O título e a dimensão simbólica da obra



Rei D. João V (1689-1750)    



Esta obra está repleta de simbologia, porque tudo o que existe nela são elementos simbólicos. 

Começando com o título, "Memorial do Convento", Saramago pretende, acima de tudo e conferindo-lhe o devido mérito, tornar memorável e inesquecível, o verdadeiro obreiro da construção do edifício - o povo anónimo - que foi explorado, obrigado e forçado a trabalhar nas obras do Convento. Este é ignorado pela história, que celebra apenas o promotor da construção, o rei D. João V, que somente manda construir o edifício

A obra procura mostrar também que o sonho e a vontade o as forças motoras que conduzem à evolução e ao progresso, há um sonho de construir a passarola,  mas é a vontade humana que a fará voar. 

Temos assim uma oposição entre a passarola e o Convento. A passarola construiu-se como um bem em prol do desenvolvimento humano. Para a sua construção, foram apenas necessárias três pessoas - Baltasar, Blimunda e Bartolomeu Lourenço - todas  de nomes começados com a mesma letra, B, o que fortalece a sua união, funcionando como um triângulo perfeito, assim como o da Santíssima Trindade. Juntos, representam uma Trindade Terrestre, unidos e movidos pela vontade e pelo sonho de pôr a máquina a voar. No final da página 129 e início da 130, "O padre veio para eles e abraçou-se também, subitamente perturbado por uma analogia, assim dissera o italiano, Deus ele próprio, Baltasar seu filho e Blimunda o Espírito Santo, e estavam os três no céu", podemos assistir a esta trindade presente na obra. Domenico Scarlatti era também um elemento importante para este trio, já que a sua música tinha um poder libertador e revolucionário, o que levava a um espírito inovador e de aposta no futuro. O Convento é um simples resultado da vaidade e do poder de um rei, que levou ao sofrimento e morte de milhares de trabalhadores, representando, por um lado, o poder da Igreja e o absolutismo do rei e, por outro, a opressão do povo.   


Baltasar Mateus, conhecido como Sete-Sóis e Blimunda de Jesus, alcunhada de Sete-Luas, carregam uma enorme simbologia na obra. O sol e a lua encontram-se em união para representar a perfeição, visível não só nas alcunhas, como no número sete - símbolo de renovação. Este é mágico e simboliza uma totalidade: sete são os dias da criação do mundo; os dias da semana; as cores do arco íris; os pecados mortais e as virtudes. Sete foram também as vezes que Blimunda passou por Lisboa à procura de Baltasar, como vemos na página 243, no início do segundo parágrafo: "Encontrou-o. Seis vezes passara por Lisboa, esta era a sétima.".

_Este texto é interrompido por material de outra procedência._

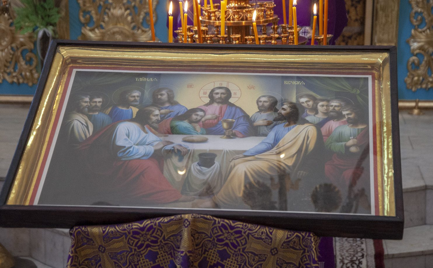 За богослужением Великого четвертка Церковью воспоминается Тайная Вечеря Христа Спасителя с учениками, на которой Господь установил Таинство Евхаристии — Причащения.

O Sol representa o dia, a força física, o trabalho e a própria vida, o que faz corresponder Sete-Sóis a Sete Vidas, que transforma Baltasar no representante de todo o povo. Por outro lado, o sol para nascer, tem que vencer as trevas e os guardiões da noite, do mesmo modo que Baltasar vence as forças obscuras da ignorância, vê "às claras" e o medo de voar. Isto permite-lhe adquirir um estatuto de herói mítico e, para que o destino de herói mítico clássico seja completo, Baltasar morre tragicamente pelo fogo (um símbolo regenerador e purificador).  

A Lua é tradicionalmente simbolizada por não ter luz própria, o que metaforicamente falando, lhe permite ver "às escuras", assim como Blimunda, que tem capacidades sobrenaturais que dependem das fases da lua. Esta é o símbolo rítmico da Terra, a medida do tempo, logo é responsável pelo ciclo da vida. Dessa forma, Blimunda recolhe as vontades humanas do povo e passa-as para a passarola, transformando-as em energia vital. A personagem descreve este seu poder no final e início das páginas 46 e 47, respetivamente, “O meu dom não é heresia, nem é feitiçaria, os meus olhos são naturais (…) eu só vejo o que está no mundo, não vejo o que é de fora dele, céu ou inferno (…) Vejo o que está dentro dos corpos, e às vezes o que está no interior da terra, vejo o que está por baixo da pele, e às vezes mesmo por baixo das roupas, mas só vejo quando estou em jejum, perco o dom quando muda o quarto da lua, mas volta logo a seguir”.   

O número nove está também ligado ao casal, já que este corresponde ao número de anos que Blimunda esteve à procura de Baltasar, simbolizando na obra a determinação e insistência da personagem, o que faz dela uma pessoa com um coração bondoso, altruísta, generoso, o que lhe confere esta sua vontade enorme de trabalhar em prol de um amor universal e incondicional a todos. Podemos confirmar o referido na página 241, logo no primeiro período, “Durante nove anos, Blimunda procurou Baltasar.”